Flash comes into play in the next two tiers of storage. The G3 storage is node-level, which in the case of Nvidia NVL72 machines or AMD Helios racks will be a rackscale node. This G3 tier is used to store the intermediate processing data that is created and checkpointed periodically. This checkpointing is important because AI supercomputers run with synchronous communications between the GPUs and XPUs in the system, which means if one of them fails, then the calculation – which might take days to months – fails. By checkpointing periodically, you can load intermediate data back into the GPUs and restart the calculation before the point of failure and not have to start the AI training run from the beginning.

With the “Vera” VC100 CPUs and “Rubin” R200 GPUs in the Vera-Rubin platforms coming later this year, Nvidia will introduce a new G3.5 tier that is called inference context memory storage, which is basically use BlueField-4 DPUs used as a storage controller and put inside of the node/rack to be even faster as well as to deliver some local processing on the data.

The G4 level of storage in the Nvidia AI supercomputer architecture is the network storage that stores objects and files outside of the node or rackscale system (which is just a big node). VAST Data has tweaked its architecture so it can absorb the job of G3 storage for checkpointing, which is an interesting architectural choice and one that can save AI system architects some money.

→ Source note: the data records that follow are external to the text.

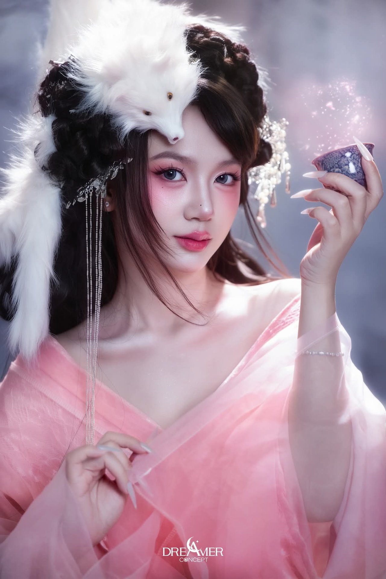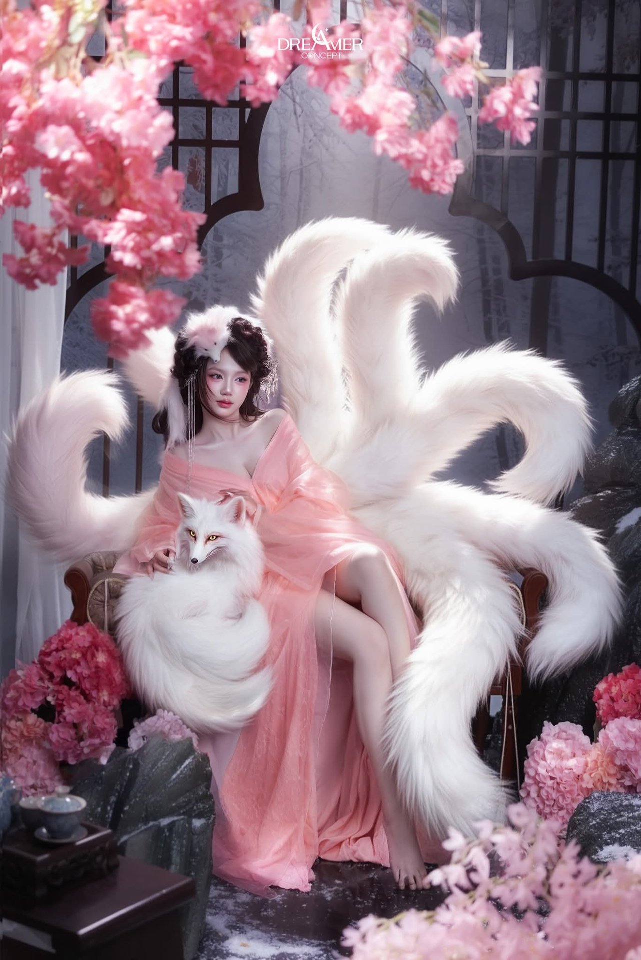This stunning image captures a beautiful Nine-Tailed Fox (Cửu Vĩ Hồ) cosplay vividly bringing to life the mysterious and enchanting allure of the legendary fox spirit. The central figure adorned in a delicate flowing pink traditional gown is gracefully posed with nine voluminous white tails that create an ethereal appearance. She sits elegantly beside a white fox her gaze captivating and mesmerizing. The surrounding scenery is embellished with vibrant cherry blossoms crafting a magical and dreamlike setting. This is more than just a cosplay photograph it is an artistic masterpiece that transports viewers into the realm of Eastern mythology where the exquisite beauty of the Nine-Tailed Fox truly comes alive with irresistible charm.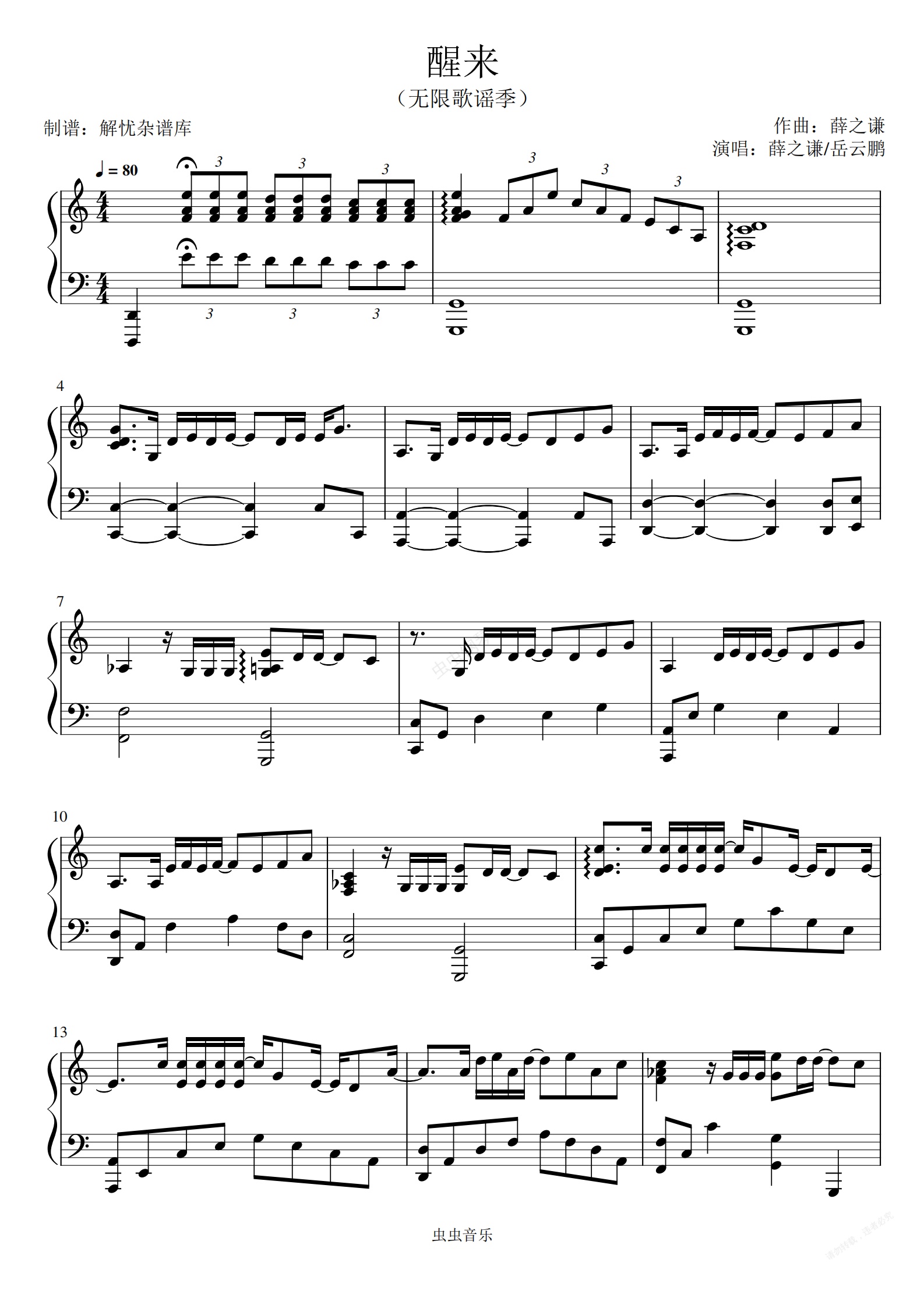 钢琴谱:醒来(无限歌谣季)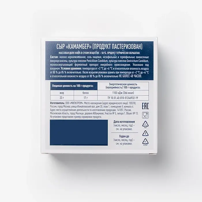 Молоко нормализованное, соль пищевая, мезофильные и термофильные заквасочные микроорганизмы, культура Penicillum Candidum, культура Geotrichum Candidum, молокосвертывающий ферментный препарат микробного происхождения.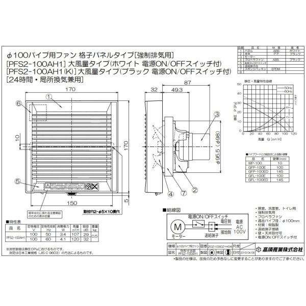 高須 換気扇 パイプファン 大風量タイプ 100φ PFS2-100AH1(K) スイッチ付 トイレ用 洗面所 パイプ用換気扇 パイプ用ファン ブラック 黒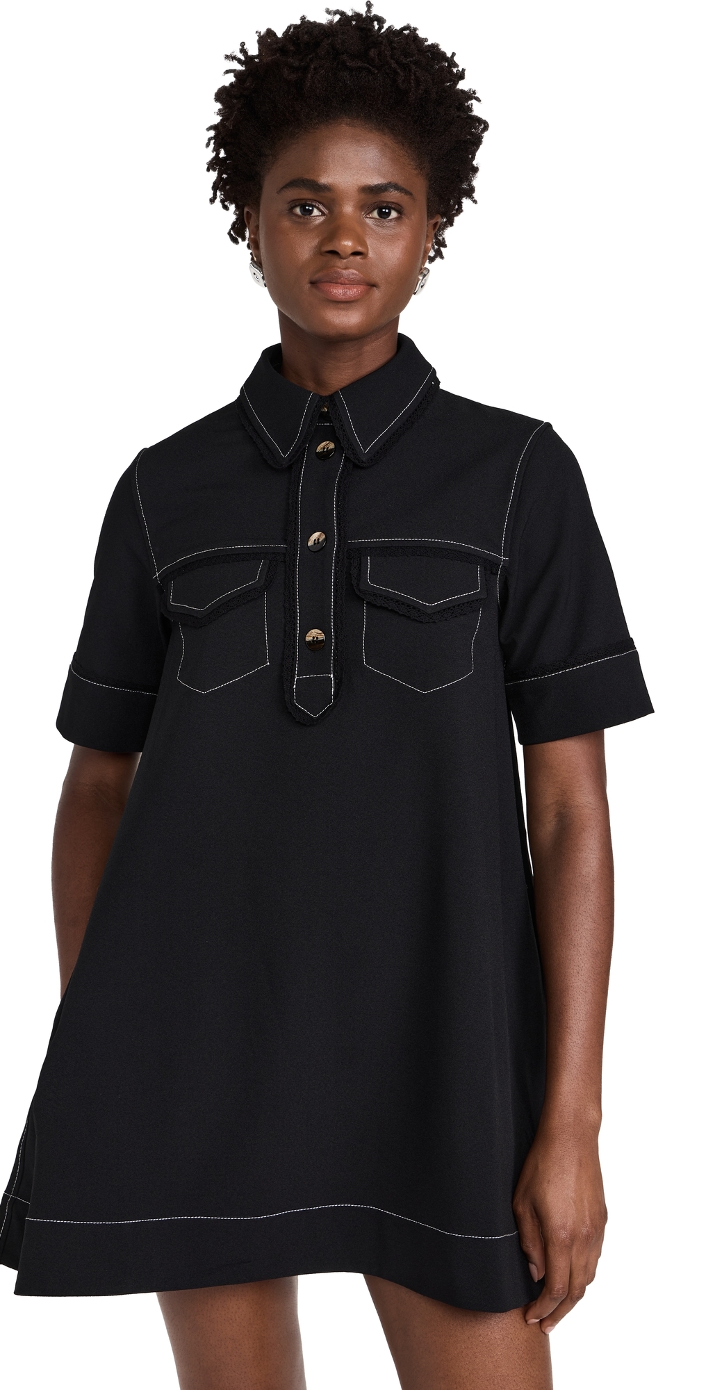 Fabric: Mid-weight, stretch crepe. Contrast stitching. Crochet trim. Mini length. Collared neck. Short sleeves. Partial button placket. Flap breast pockets. On-seam side pockets. Shell: 96% polyester/4% elastane. Unlined. Wash cold. Imported, Turkey. Measurements: Measurements from size 34 Length: 32in / 81.0cm, from shoulder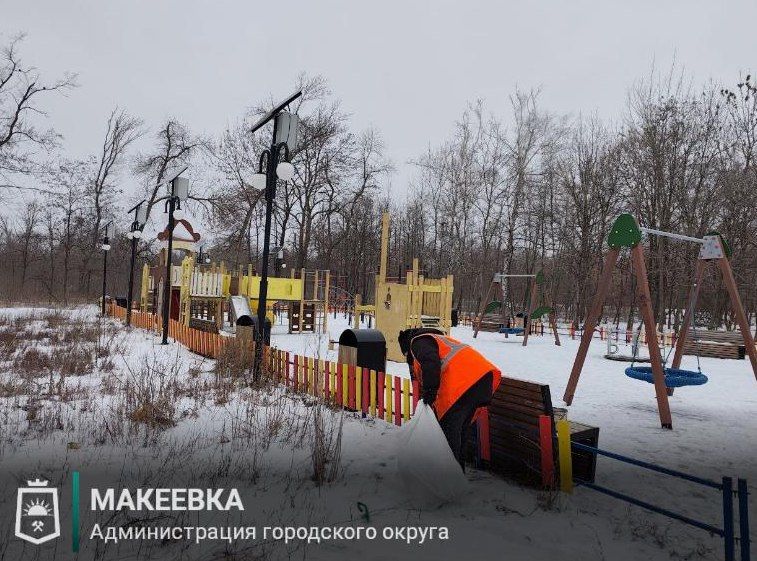 В Макеевке продолжается уборка детских площадок, построенных в рамках федерального проекта «Инфраструктура для жизни».

We think the Nvidia architecture should include a G5 level of storage, based on very fat disk drives. This would follow the practices of the hyperscalers and cloud builders, who buy something like 95 percent of the world’s disk drive shipments these days. As far as we know, there is no G5 storage tier in the Nvidia reference architecture.

With that out of the way, let’s do some math on flash storage. For a 1 gigawatt installation using Nvidia “Grace” GC100 CPUs and “Blackwell” B200 or B300 GPUs, depending on who you ask it can power between 500,000 to 600,000 GPUs, depending on the options in the system and the cooling methods used. Matson took 550,000 as an average, which seems reasonable. Nvidia recommends that there is 15 TB per GPU of G3 storage in the nodes for checkpointing and other functions and 30 TB per GPU of external networked storage to hold bulk data.

If you do the math, that’s 8.5 exabytes of internal flash capacity and 16.5 exabytes of networked flash capacity, for a total of 25 exabytes of capacity, for a 1 gigawatt installation.

After poking around on the Internet for estimates and statements by the big GPU and XPU makers, it looks like there were somewhere around 3 million compute engines (by which I mean sockets) shipped in 2023, around 7 million in 2024, and around 10 million in 2025. At 45 TB of flash per GPU/XPU, using Nvidia as a guideline, that means around 135 exabytes of flash was consumed for these AI supercomputers in 2023, around 315 exabytes in 2024, and 450 exabytes in 2025.

That’s a lot of flash. And 2026 will get worse as a lot more demand chases a modestly growing supply, and prices will rise accordingly. The flash chip and flash drive makers are going to be making some big bucks.